The Daily Parker

Politics, Weather, Photography, and the Dog

Bankruptcy laws in the US

Whether the US bankruptcy code intended to create a new indentured class of university graduates, its prohibition on discharging student-loan debt has done so.

But the code really helps badly-run businesses, and not just at the criminal scale of Sears. The private-equity fund that owned a grocery store chain in Indiana has done very well under the code, while destroying the future of the chain's retirees:

The anger arises because although the sell-off allowed Sun Capital and its investors to recover their money and then some, the company entered bankruptcy leaving unpaid more than $80 million in debts to workers’ severance and pensions.
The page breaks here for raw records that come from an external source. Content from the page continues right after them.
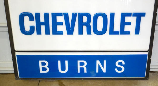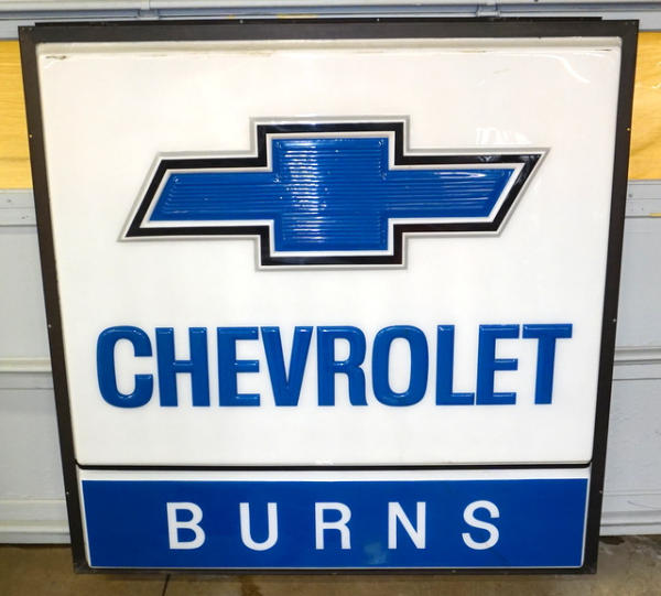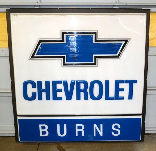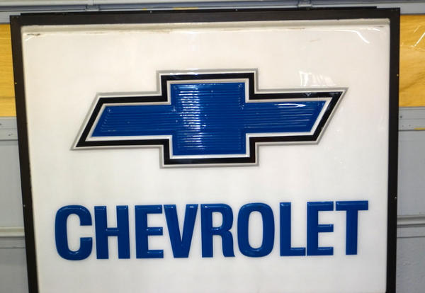 6'x6', clean and nice, has a small crack on one side, logo and Chevrolet are embossed, metal frame, no electrical included; pickup in Worthington, MN only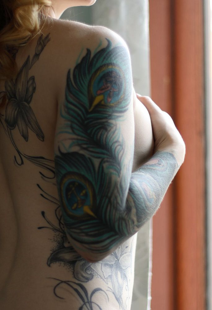 Tattoos: Tattoos are visible on the woman's back and arm. One of the tattoos resembles a peacock feather.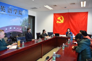 为保障BB贝博双学位/双专业人文通识课程教学质量、落实通识教育目标,打造高质量的“金课”,加强教学经验交流,BB贝博人文通识教研室于12月13日下午1点在西校区国际大厦1016会议室召开教学研讨会。学院副院长仵胜奇、院长助理、人文通识教研室主任廖鸿婧及该组中外教师共7人参加了本次活动。交流会由廖鸿婧主持,工作语言为英语。

For Sun Capital, this process of buying companies, seeking profits and leaving pensions unpaid is a familiar one. Over the past 10 years, it has taken five companies into bankruptcy while leaving behind debts of about $280 million owed to employee pensions.

The unpaid pension debts mean that some retirees will get smaller checks. Much of the tab will be picked up by the government’s pension insurer, a federal agency facing its own budget shortfalls.

“They did everyone dirty,” said Kilby Baker, 70, a retired warehouse worker whose pension check was cut by about 25 percent after Marsh Supermarkets withdrew from the pension. “We all gave up wage increases so we could have a better pension. Then they just took it away from us.”

Truly, the law is a ass. It's also working as its Republican authors intended.